The onion method: start with one key scene in the middle, then add layers around it, figuring out how things got to that point and what happens next. Repeat until you have enough story.
This begs for a digression: you have enough story when there's a satisfying path from beginning to end. Remember that you can have a conclusion without closure, and closure without a conclusion. Guess which one is necessary and sufficient. As for the beginning, its most important role isn't so much to set things up, but to make the audience care. If they don't give a damn about the characters and their circumstances after a page or two at most, good luck winning them back later. Assuming they've stuck around.

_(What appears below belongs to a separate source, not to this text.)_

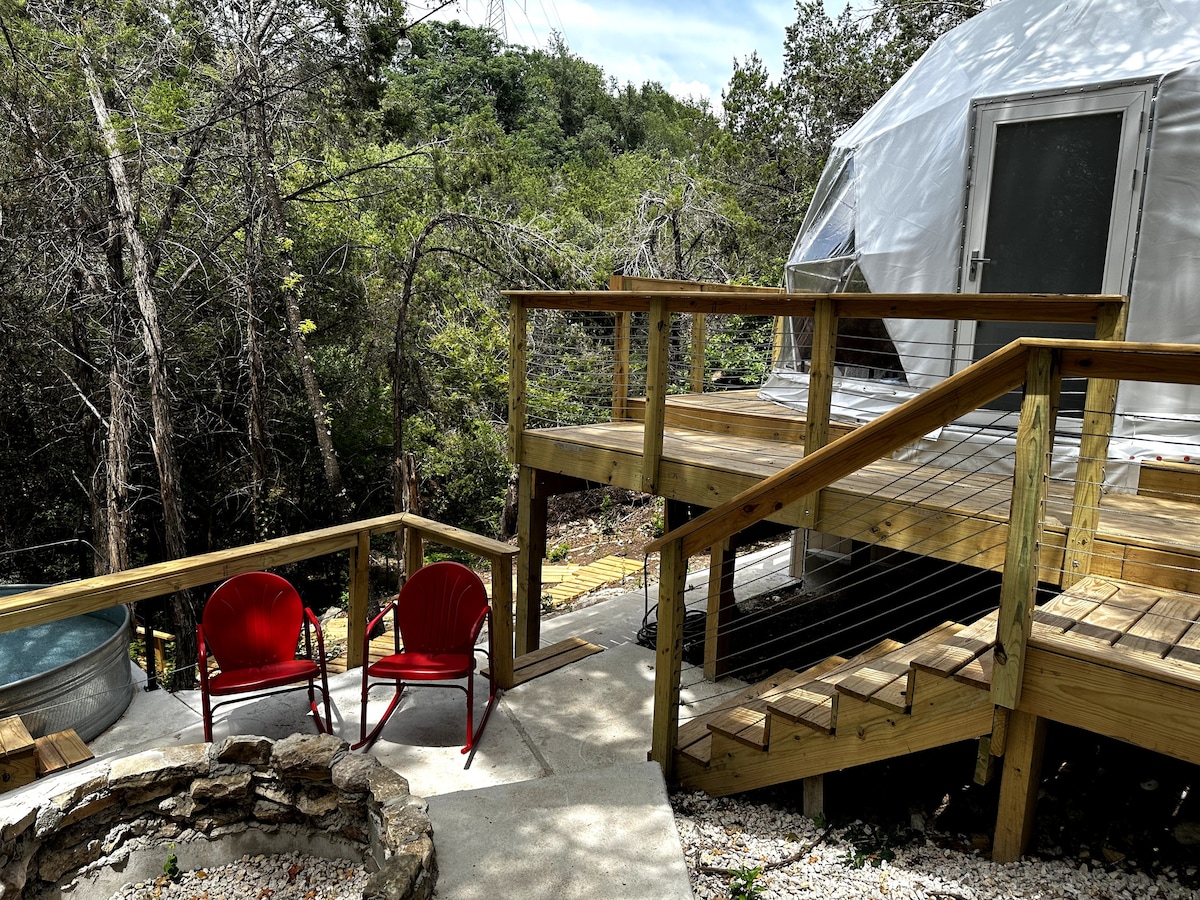 Escape to our dome away from home! A unique haven at Lake Travis. Nestled in a serene canyon on 2 acres, you'll enjoy privacy, a spring-fed creek, and proximity to Austin (25 min). Relax in a heated Texas-style cowboy pool, enjoy starlit fires, a luxurious bathroom, and a streaming creek in an oasis of calm yet close to conveniences (groceries and restaurants 3 mins away). The location is very private.

Brigde building: you know where the story starts and where it's supposed to end. The trouble is all that nebulous middle section. Suffice to say, I never successfully completed a story by this technique. Try planting pillars along the way, key scenes to minimize the gaps you have to fill. But the most important question to answer is, what river are you trying to cross? What's so interesting on the other side?
Newspaper clipping: you put the story together from letters, journal entries, news in the press and so on. In theory that lets you write out of order, but when I tried it all went from beginning to end (like the King of Hearts tells the Mad Hatter at the trial) reducing this method to the very first one mentioned above. It still forces you to figure out the viewpoint of whoever is writing each passage, whether a protagonist or a supposedly neutral journalist.
Fleshing out the skeleton: this is the only method I haven't tried at all yet; someone I used to know described it to me. He'd first jot down a one-page summary of the story, but still well-formed, in full sentences and so on. Then a second, more detailed version. Repeat as needed. It makes a lot of sense in my opinion, and should be especially useful when writing without a computer. Should make the process a lot less daunting, too.
Notice the one conspicuous absence? It's outlining like we were all taught to do in school: a method as popular as it is bad, resulting in disjointed stories where nothing follows and stuff happens because it's supposed to. If you're going to try this at all, use outliner software such as Org Mode or Orgzly. At least they let you flesh out and rearrange the outline as needed while you work.
In other words, engage with your story before you ask the audience to. Or did you think being the author made you somehow better?